The first amp for my Z3 was a PDX4.100. Obvioulsy I bought it because of size. It had similar noise floor issues and I felt it sounded brittle. I was also somewhat unhappy with the useable power. When I decided to go active I bought an Arc Audio KS300.4 and compared the two. It basically confirmed everything I felt about the PDX. I have since sold the PDX and I won't buy another full range Class D. None of what the OP posted surprises me one bit.

Honestly, I replaced the pdx with a couple blaupunkt VA2100s and they were a FAR better amp.


----------



## underPSI (Dec 2, 2008)

Interesting there are so many complaints about these amps. I honestly think people induce noise into their heads that really isn't there or isn't audible to the human ear. I couldn't be happier with my two PDX amps and one of them is the 100.4.


----------



## MarkZ (Dec 5, 2005)

captainobvious said:


> Well, he did have 4. And Andy confirmed the high noise floor.


I think Andy was surprised at how high the noise was in London's post.


----------



## LondonRS4 (Jul 16, 2009)

underPSI said:


> Interesting there are so many complaints about these amps. I honestly think people induce noise into their heads that really isn't there or isn't audible to the human ear. I couldn't be happier with my two PDX amps and one of them is the 100.4.


I found this forum through Googling "Alpine PDX hiss". Unfortunately, I discovered this forum AFTER I bought and installed my PDX 4.100s. There are an awful lot of hits for those 3 words, far more than anything else I have since researched. So I don't think the power of suggestion put the hiss in my head....nor in my measurements.

This forum is terrific though. Based on some really positive reviews, I'm replacing the PDXs with two DLS RA-40. They are bigger than the PDXs, but I have the room in my trunk quarter panel well. They don't as much power, but the SQ is better, and that's really what I'm after. I hated the Bose system that the RS4 came with.


----------



## tspence73 (Oct 14, 2008)

LondonRS4 said:


> (1) READ my post. Gain was ALL THE WAY DOWN.
> (2) Take a 48kHz square wave and run it into a high efficiency tweeter. You will hear hiss. However, see my post about switching power supplies and transistor outputs.
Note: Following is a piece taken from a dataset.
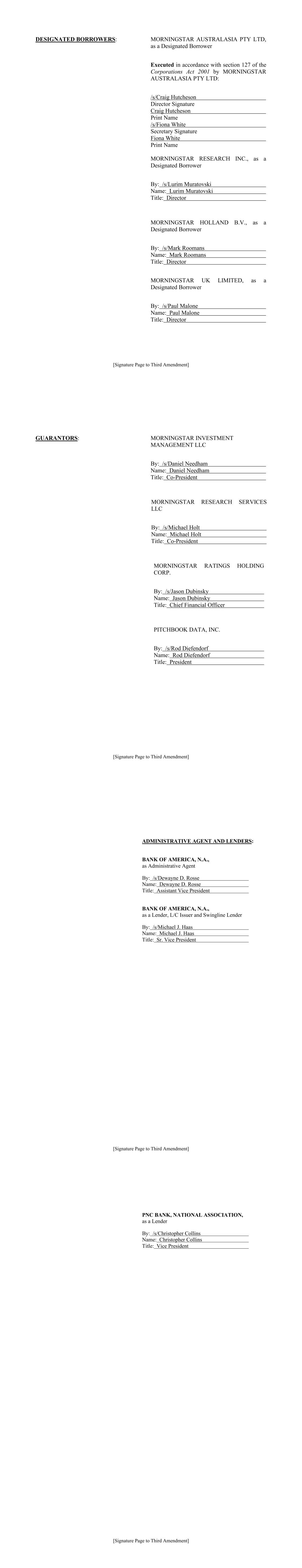 [Signature Page to Third Amendment] DESIGNATED BORROWERS: MORNINGSTAR AUSTRALASIA PTY LTD, as a Designated Borrower Executed in accordance with section 127 of the Corporations Act 2001 by MORNINGSTAR AUSTRALASIA PTY LTD: /s/Craig Hutcheson Director Signature Craig Hutcheson Print Name /s/Fiona White Secretary Signature Fiona White Print Name MORNINGSTAR RESEARCH INC., as a Designated Borrower By: /s/Lurim Muratovski Name: Lurim Muratovski Title: Director MORNINGSTAR HOLLAND B.V., as a Designated Borrower By: /s/Mark Roomans Name: Mark Roomans Title: Director MORNINGSTAR UK LIMITED, as a Designated Borrower By: /s/Paul Malone Name: Paul Malone Title: Director [Signature Page to Third Amendment] GUARANTORS: MORNINGSTAR INVESTMENT MANAGEMENT LLC By: /s/Daniel Needham Name: Daniel Needham Title: Co-President MORNINGSTAR RESEARCH SERVICES LLC By: /s/Michael Holt Name: Michael Holt Title: Co-President MORNINGSTAR RATINGS HOLDING CORP. By: /s/Jason Dubinsky Name: Jason Dubinsky Title: Chief Financial Officer PITCHBOOK DATA, INC. By: /s/Rod Diefendorf Name: Rod Diefendorf Title: President [Signature Page to Third Amendment] ADMINISTRATIVE AGENT AND LENDERS: BANK OF AMERICA, N.A., as Administrative Agent By: /s/Dewayne D. Rosse Name: Dewayne D. Rosse Title: Assistant Vice President BANK OF AMERICA, N.A., as a Lender, L/C Issuer and Swingline Lender By: /s/Michael J. Haas Name: Michael J. Haas Title: Sr. Vice President [Signature Page to Third Amendment] PNC BANK, NATIONAL ASSOCIATION, as a Lender By: /s/Christopher Collins Name: Christopher Collins Title: Vice President

There is more hiss picked up by mics from air current in a room than the hiss produced by the amp. That means when you hit 'play' on any music CD or ipod, the hiss on the recording will mask the hiss on the amp. I think this overly critical schpiel is just that. RC challenge or take a hike. You could take home 10k.


----------



## tyroneshoes (Mar 21, 2006)

I would like to see if there was any testing done on my kenwood x4r or their newer line. They sounded way better to me than the pdx I also found lackluster. I still think they sound great.


----------



## tspence73 (Oct 14, 2008)

LondonRS4 said:


> I have no real point I guess. I'm just stating my observations. Do with them as you please.
> 
> Amplifiers with PWM supplies, whether they be $400 or $400,000 are going to have some hiss. They are best suited to mids and subs from what I've measured myself. They excel at power efficient delivery at those frequencies. There are some tricks and some cool patents on frequency dependent PWM to alleviate hiss. Or really good stiff power supplies and fancy filters. Obviously I expected magic. Maybe all class-D amps do this to a certain extent. I don't intent to find out. I use Class A and AB at home. I'm going to use it in my car too.
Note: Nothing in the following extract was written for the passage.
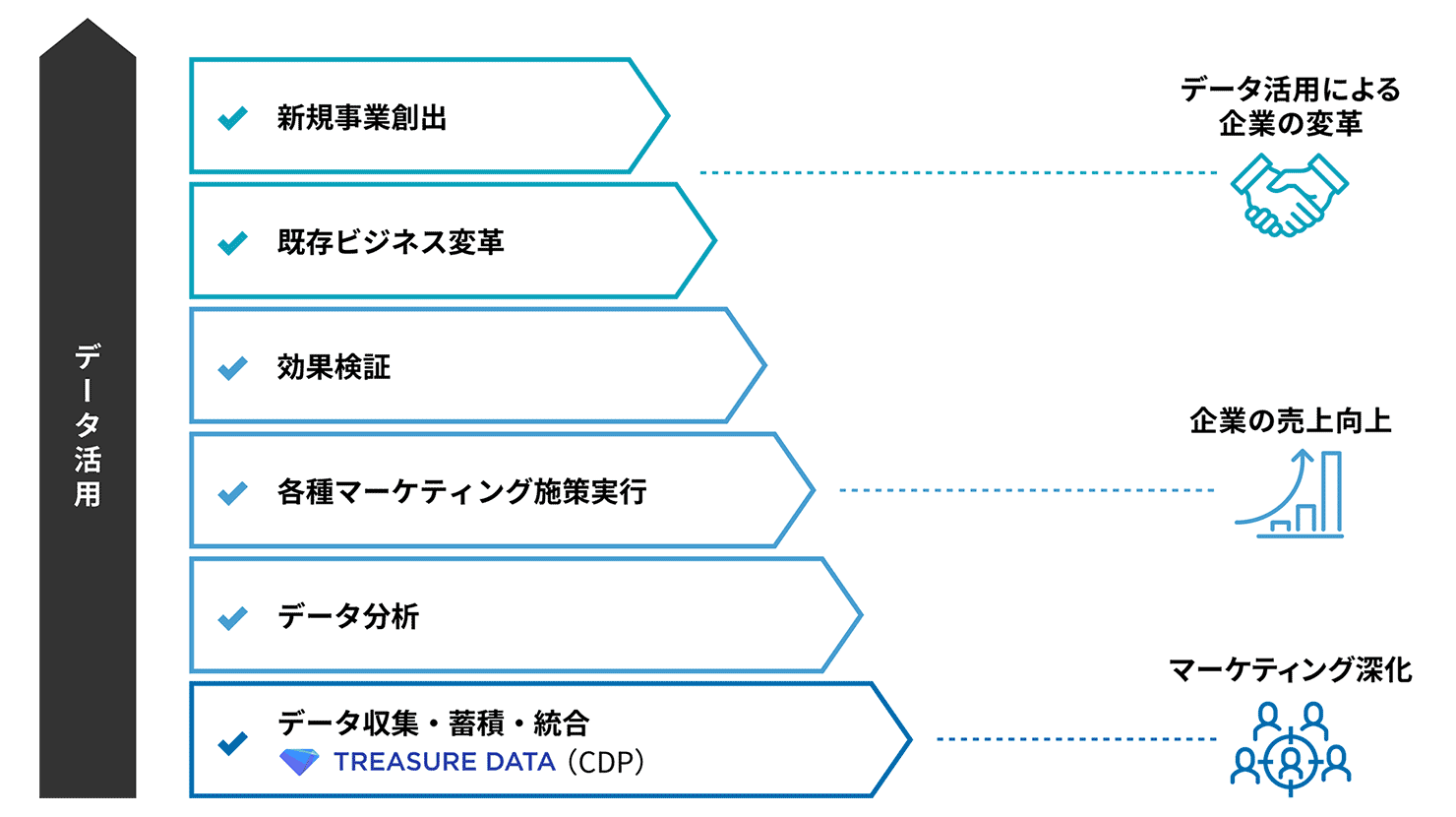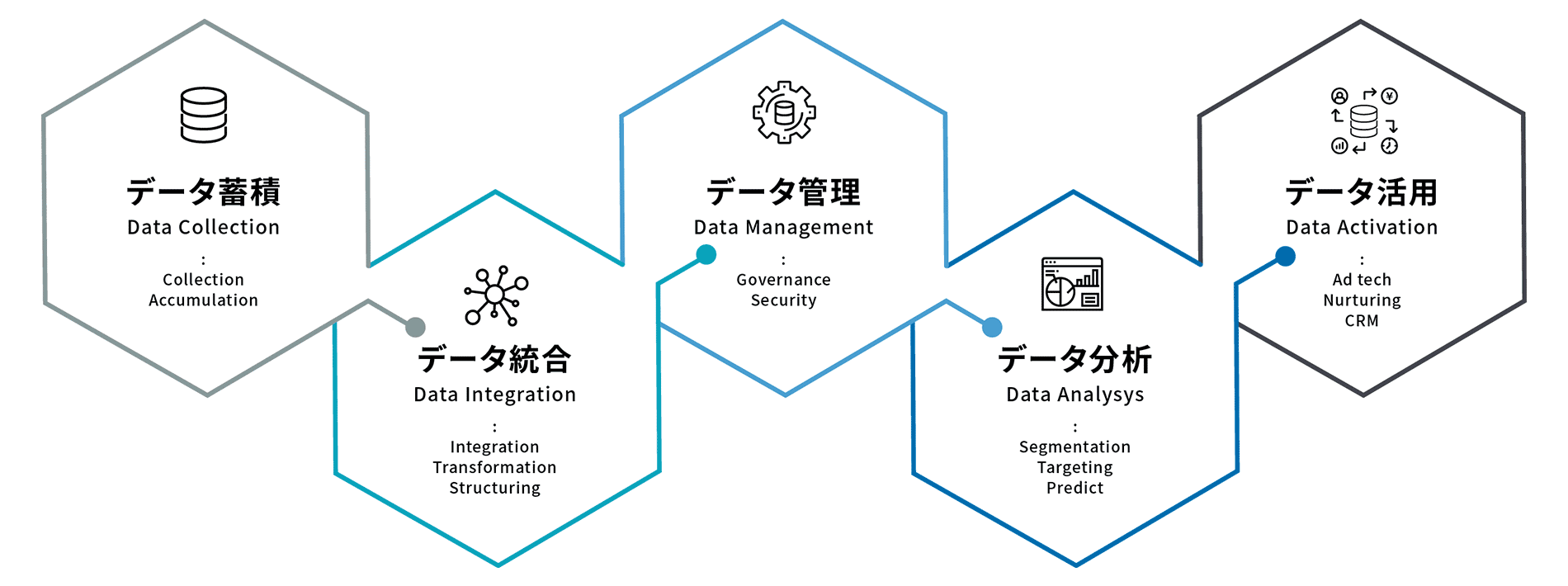 散在するデータを統合することで、自社のビジネス状況を正確にかつ迅速に理解し、また顧客体験の向上に必要な顧客理解の深化を行うことができます。

The rational and logic behind using Class-D amps in a car are these:

1. Efficient use of electrical. (A car isn't overflowing with excess amps. Efficiency counts!)

2. Small footprint. (Installs neatly and gives owners FAR more installation options. Generates less heat, therefore doesn't require a big heatsink.)
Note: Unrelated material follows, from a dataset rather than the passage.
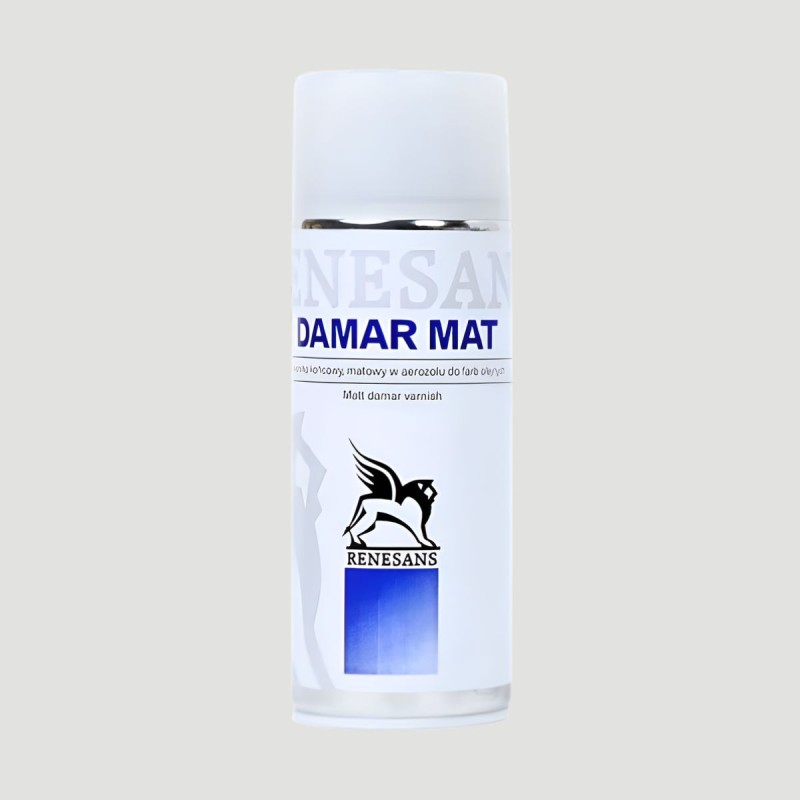 Vernice Finale Damar Spray Renesans, Effetto Opaco: finitura tradizionale a base di resina damar in pratico formato spray, ideale per opere a olio. Riduce i riflessi, uniforma l’opacità e crea un film protettivo omogeneo senza segni di pennello. Formulata per preservare le sfumature e limitare l’ingiallimento; reversibile con solventi idonei da restauro.
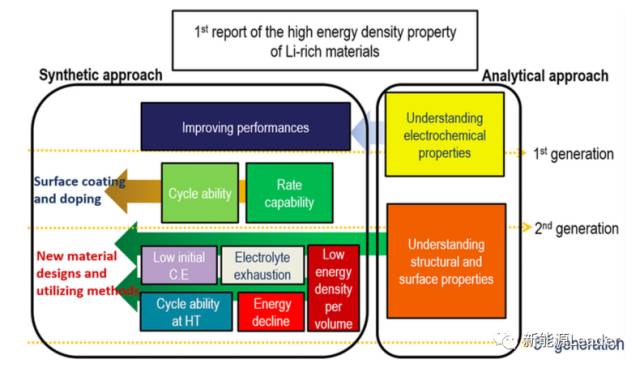 富鋰材料的活化過程對(duì)于富鋰材料的結(jié)構(gòu)穩(wěn)定性有著至關(guān)重要的影響,在活化的過程中會(huì)導(dǎo)致富鋰材料顆粒的表面穩(wěn)定性降低,引起界面副反應(yīng)增加,為此對(duì)于活化制度的研究就顯得尤為重要(下圖為富鋰材料發(fā)展圖解)。

3. The loud 'din' inside a car easily masks any ultra-low noise produced by switching. (Let's get real here. 80db S/N ratio amps aren't going to sound any more hissy than 90db S/N ratio amps. A car environment certain allows for small/modest compromises. Heck, you're not likely to detect this kind of difference in a home environment and it has a FAR quieter average din.)

If you want a 'no compromises' audiophile setup that goes into extremes where you're worrying about sounds that are inaudible to your ears, then by all means, buy those products and enjoy. I'll pick up products that have far fewer (inaudible) 'bonus' features and stick to great power, a good/low noise floor, fantastic DSP on frequencies I CAN hear and highly modular gear that allows me to customize my install to my aesthetic taste.


----------



## DynamicAudioLodi (Jul 13, 2009)

PDX don't suck, they always sound great when we use them on Harleys.


----------



## chad (Jun 30, 2005)

placenta said:


> You simply buy a stronger tweeter amp so you can keep the gains at MIN.


dear god please.........


----------



## michaelsil1 (May 24, 2007)

chad said:


> dear god please.........


----------



## Technic (Oct 10, 2008)

I have a PDX 4.150 and a 4.100... _my second_ PDX 4.100. The first one definitely was defective, the hiss and plain noise was terrible. That was returned to the seller and the second/current PDX 4.100 have as much hiss as the OEM system before the upgrade, almost none. 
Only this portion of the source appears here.